* **TASK PROMPT**: All the lines below should appear again unchanged, though their pictures should not.

* **DATASET EXCERPT**:
--- START ---

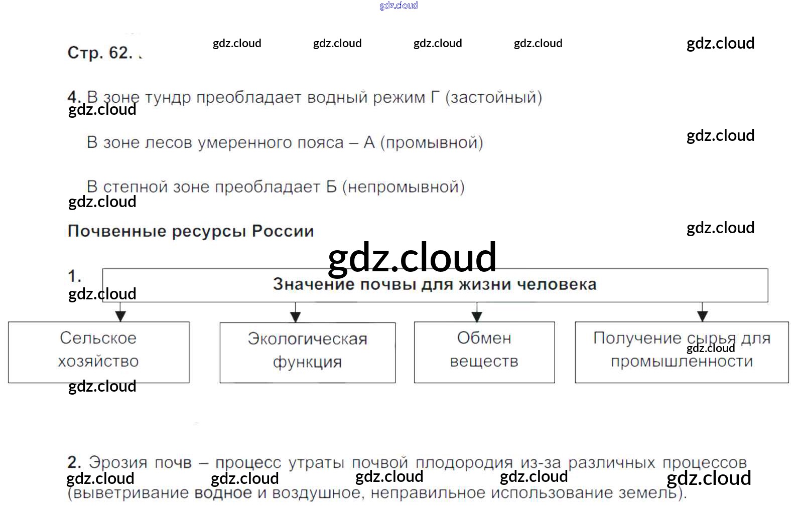 Ответ на задание 62 Рабочая тетрадь География за 8 (восьмой) класс Баринова, Дронов УМК 2017 ФГОС онлайн и без номера телефона.
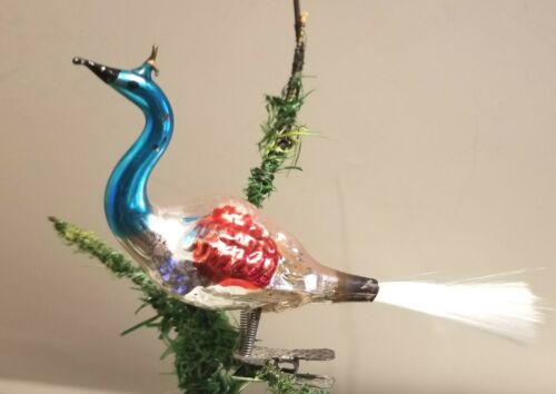 Title (ebay affiliate link): Second Bright, colorful Peacock on Clip, White Spun Glass Tail. 1930s German Orn
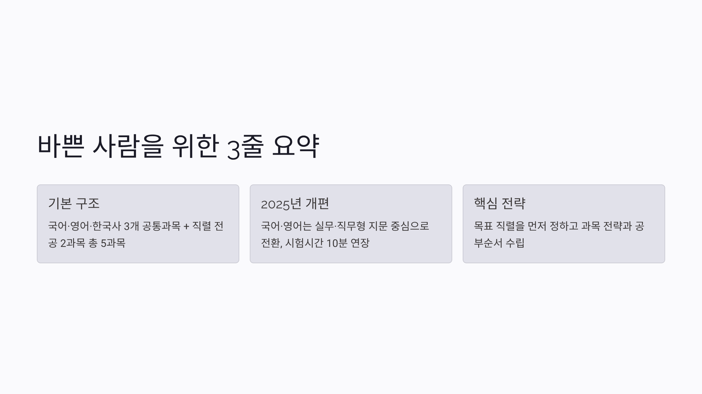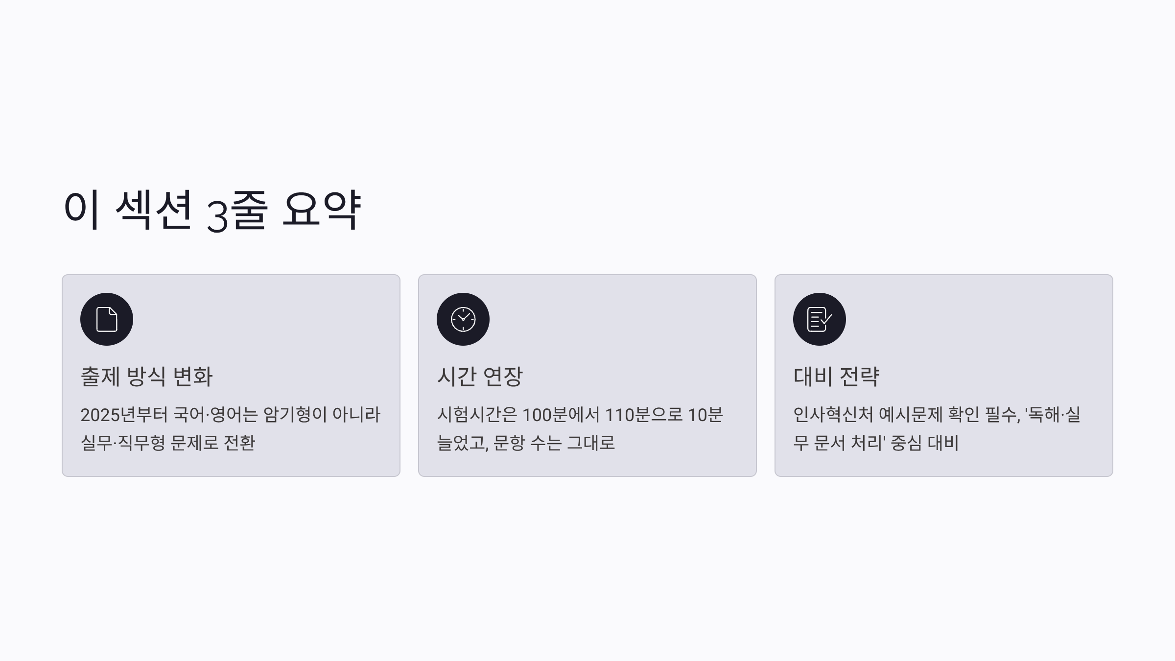 2 2025년부터 국어·영어는 '암기형'이 아니라 실무·직무형 지문 중심으로 바뀌고 시험시간도 10분 늘어났습니다.
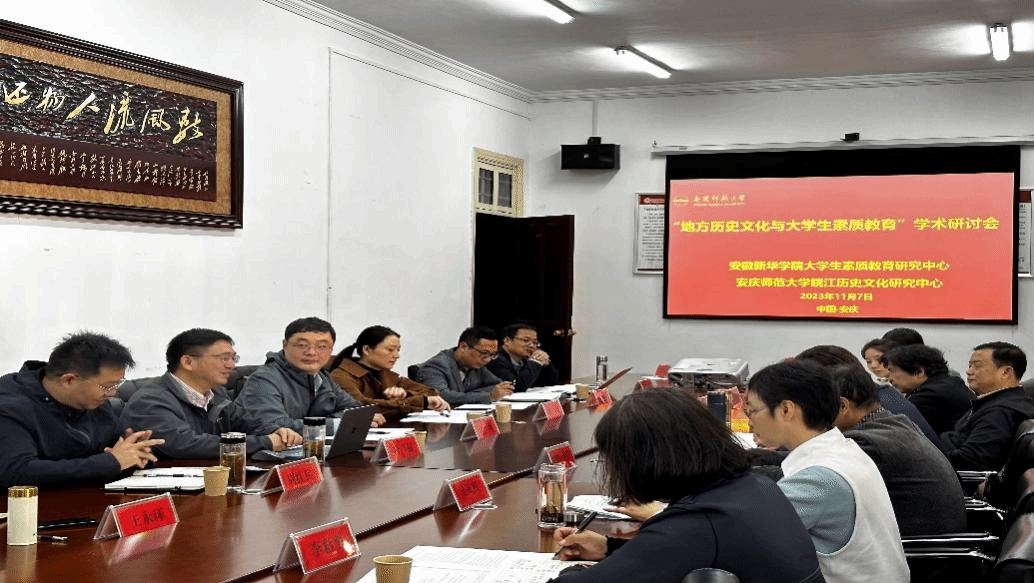 11月7日,Beat365中文官方网站皖江历史文化研究中心与安徽新华学院大学生素质教育研究中心在菱湖校区红楼会议室联合举办“地方历史文化与大学生素质教育”学术研讨会。安徽大学、安徽建筑大学、阜阳师范大学、安徽新华学院等高校专家出席会议。

--- END ---

* **RESPONSE TO THIS TASK**:
 Ответ на задание 62 Рабочая тетрадь География за 8 (восьмой) класс Баринова, Дронов УМК 2017 ФГОС онлайн и без номера телефона.
 Title (ebay affiliate link): Second Bright, colorful Peacock on Clip, White Spun Glass Tail. 1930s German Orn
 2 2025년부터 국어·영어는 '암기형'이 아니라 실무·직무형 지문 중심으로 바뀌고 시험시간도 10분 늘어났습니다.
 11月7日,Beat365中文官方网站皖江历史文化研究中心与安徽新华学院大学生素质教育研究中心在菱湖校区红楼会议室联合举办“地方历史文化与大学生素质教育”学术研讨会。安徽大学、安徽建筑大学、阜阳师范大学、安徽新华学院等高校专家出席会议。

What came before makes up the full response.